Interferon gamma applied ex vivo restores function to neutrophils from critically ill patients
Cameron J Lake, Jonathan Scott, Marie-Hélène Ruchaud-Sparagano, John H Thompson, Fiona Dewar, Polina Yarova, Wendy Funston, Richard CH Davidson, Kathryn M Musgrave, Stephen E Wright, Ian Clement, Alistair I Roy, Wezi Sendama, Jason Powell, Daniel Brooks, Chung Mun Alice Lin

TL;DR
Applying interferon gamma to neutrophils from critically ill patients can restore their ability to fight infections.
Contribution
Ex vivo application of IFN-γ improves neutrophil function in critically ill patients through PI3K-γ and FcγR pathways.
Findings
IFN-γ significantly improved phagocytosis, bacterial killing, and superoxide generation in dysfunctional neutrophils.

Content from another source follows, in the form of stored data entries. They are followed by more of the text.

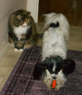 Cilla äter morot och Tussan tittar på, 2020-05-07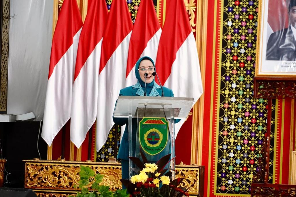 “Setelah saya menyimak paparan dari masing-masing TP PKK Kabupaten/Kota, 9 persen program kerja TP PKK baik di tingkat provinsi hingga tingkat daerah sudah tersinkronisasi. Saya apresiasi untuk kita semua. Sedangkan 10 persen lagi merupakan inovasi dari masing-masing TP PKK Kabupaten/Kota,” ucap Tyas.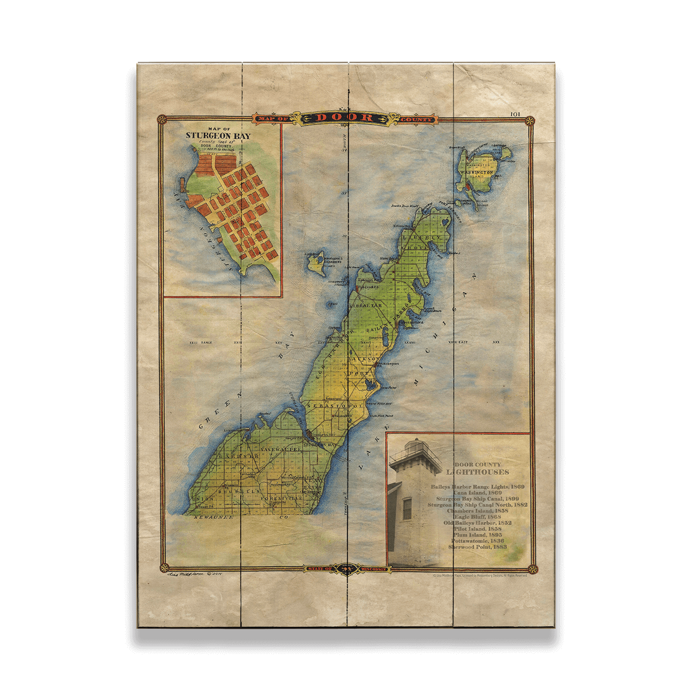 Immerse yourself in the historical allure of Door County, Wisconsin, with this meticulously detailed vintage-style map. This artwork showcases an elaborate depiction of Sturgeon Bay and the entire Door Peninsula, emphasizing its geographical beauty and nautical significance. The map is uniquely annotated with locations and founding dates of notable lighthouses like Baileys Harbor Range Light and Cana Island Light, reflecting the area’s rich maritime history.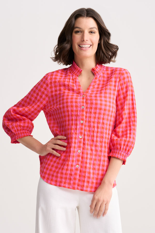 Gorgeously textured, our Cotton Crinkle Shirt features a playful Pink and Orange Gingham. Other details like a shirred high neckline, blouson sleeve and overall lightweight feel makes this shirt a great warm weather option. Wear it with our Charcoal Denim Bengjean® for elegant, off-duty style.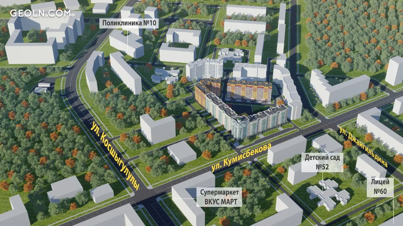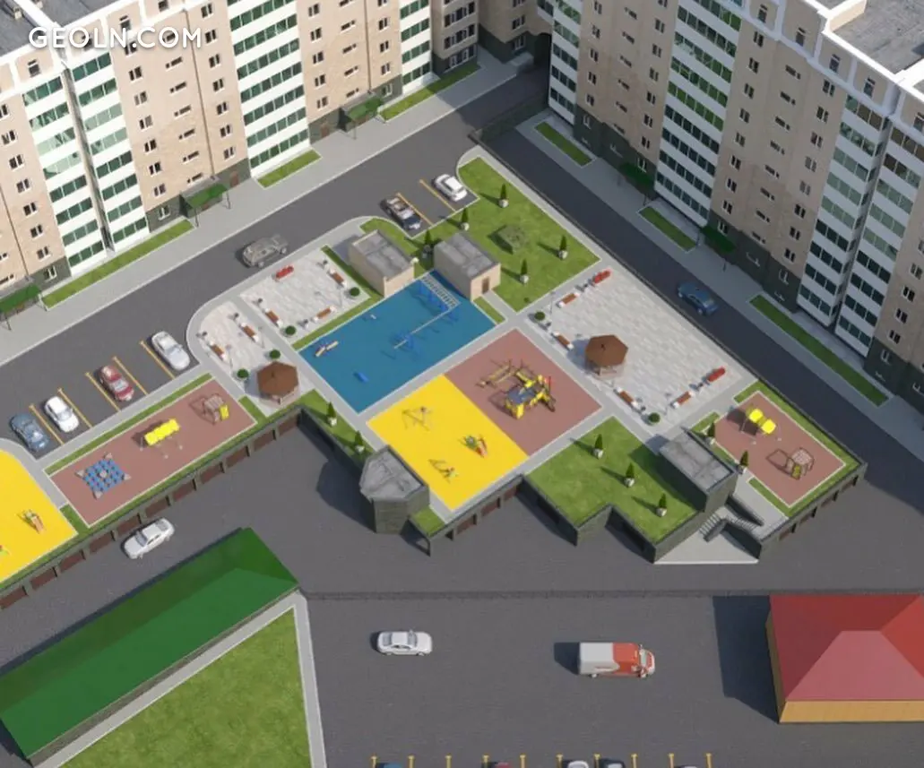The residential complex Tselinograd is located in Nur-Sultan at the intersection of Kumisbekov and Seifullin streets in an area with a full and developed infrastructure, a school and a lyceum are nearby, as well as a kindergarten and a multidisciplinary clinic. Not far from the new building there is Sary-Arka avenue and the Ishim river embankment. To accommodate cars on the territory adjacent to the house, an open-type parking lot is organized.

PI3K-γ inhibition blocked IFN-γ's restorative effects on neutrophil functions.
FcγR blockade also prevented IFN-γ's improvement of bacterial killing.
Abstract
Critically ill patients commonly develop acquired neutrophil dysfunction, which increases susceptibility to intensive care unit-acquired infection (ICU-AI). This study aimed to assess whether interferon gamma (IFN-γ) can restore function in dysfunctional neutrophils from critically ill patients and to uncover potential underlying mechanisms. This was an observational cohort study. Neutrophils were isolated from whole blood donated by critically ill patients (n=31) in four separate teaching hospital intensive care units (ICUs). Neutrophils were subsequently treated with recombinant human IFN-γ or vehicle for 1 hour following either Fc gamma receptor (FcγR) blockade, selective inhibition of the gamma isoform of phosphoinositide 3-kinase (PI3K-γ) or vehicle control for 30 min. Neutrophil phagocytosis, bacterial killing, superoxide generation, phagocytic receptor expression and small Rho…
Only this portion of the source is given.